3

As far as I've been able to tell cookielib isnt thread safe; but then again the post stating so is five years old, so it might be wrong.

Nevertheless, I've been wondering - If I spawn a class like this:

class Acc:
    jar = cookielib.CookieJar()
    cookie = urllib2.HTTPCookieProcessor(jar)       
    opener = urllib2.build_opener(cookie)

    headers = {}
    def __init__ (self,login,password):
        self.user = login
        self.password = password

    def login(self):
        return False # Some magic, irrelevant

    def fetch(self,url):
        req = urllib2.Request(url,None,self.headers)
        res = self.opener.open(req)
        return res.read()

for each worker thread, would it work? (or is there a better approach?) Each thread would use it's own account; so the fact that workers wouldn't share their cookies is not a problem.

Robus
  • 8,067
  • 5
  • 47
  • 67
  • For reference, the post OP mentions is probably [this](http://bytes.com/topic/python/answers/40838-cookielib-urllib2-thread-safe) one. – Piotr Dobrogost Apr 28 '11 at 21:00

3 Answers3

2

You could see implementation of the library [python_install_path]/lib/cookielib.py to ensure that cookielib.CookieJar is thread safe.

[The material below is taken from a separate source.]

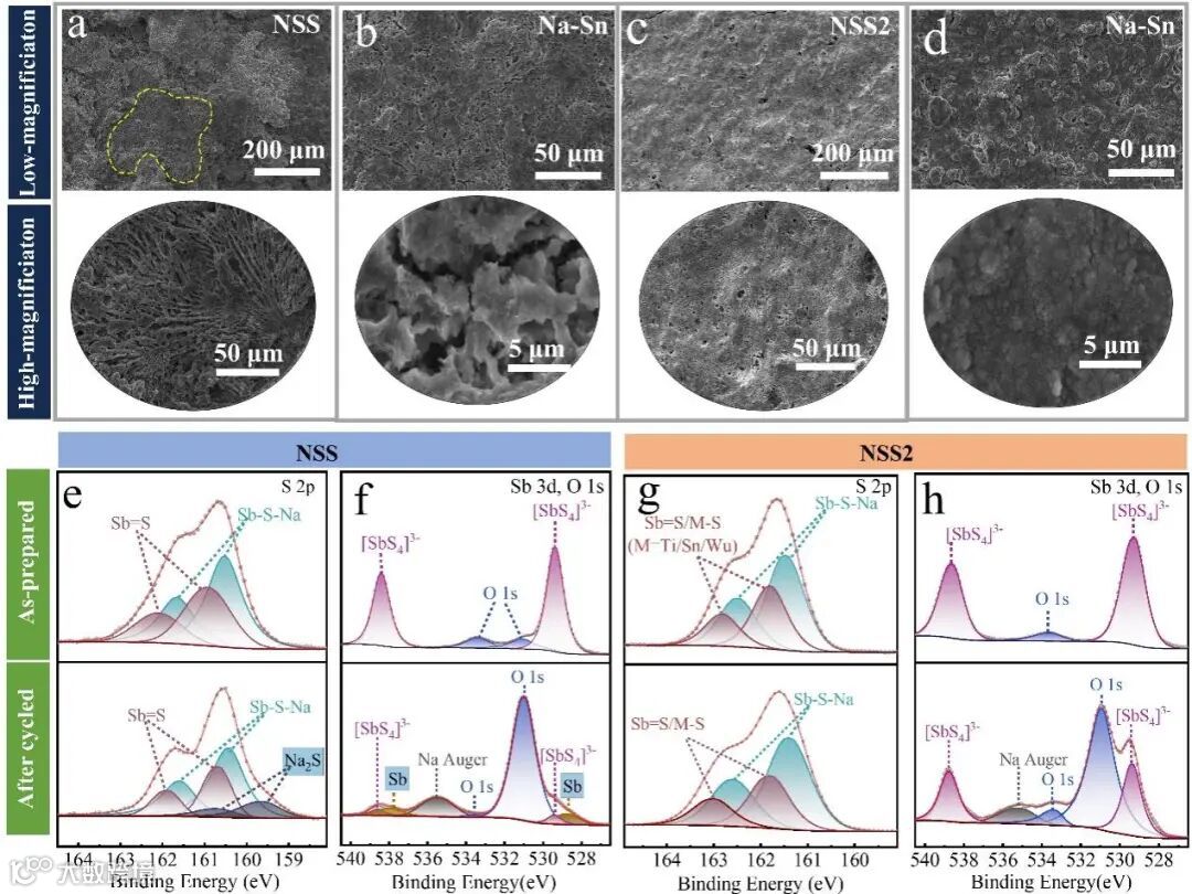 循环后NSS2/Na5Sn界面的SEM图像显示出均匀且平滑的形态。其光学照片、背散射电子(BSE)图像和EDS显示,循环后的NSS2电解质中界面副产物量较少,没有明显的富钠区域。此外,Na5Sn合金呈现出致密的切片,没有明显的裂纹和空隙。表明独特的构型熵结构提高了电解质的热力学稳定性,并抑制了“死”钠的形成。XPS分析表明NSS2与Na5Sn合金具有更好的界面相容性,有效地防止了循环过程中的还原反应。同时,NSS2的内在稳定性有效地防止了电解质的分解,抑制混合离子-电子导体的形成和持续的界面降解。

It means if you will share one instance of CookieJar between several connections in different threads, you will not face even inconsistence read of Cookie Set, because CookieJar uses lock self._cookies_lock inside.

Serge S.
  • 4,855
  • 3
  • 42
  • 46
2

You want to use pycurl (the python interface to libcurl). It's thread-safe, supports cookies, https, etc.. The interface is a bit strange, but it just takes a bit of getting used to.

I've only used pycurl w/ HTTPBasicAuth + SSL, but I did find an example using pycurl and cookies here. I believe you'll need to update the pycurl.COOKIEFILE (line 74) and pycurl.COOKIEJAR (line 82) to have some unique name (maybe keying off of id(self.crl)).

As I remember, you'll need to create a new pycurl.Curl() for each request to maintain thread safety.

Sam Dolan
  • 31,966
  • 10
  • 88
  • 84
1

the same question as you. If you do not use pycurl, I think you must urllib2.install_opener(self.opener) before each urllib2.urlopen.

Maybe I should use the pycurl too, urllib2 is not so smart.

okma
  • 11
  • 1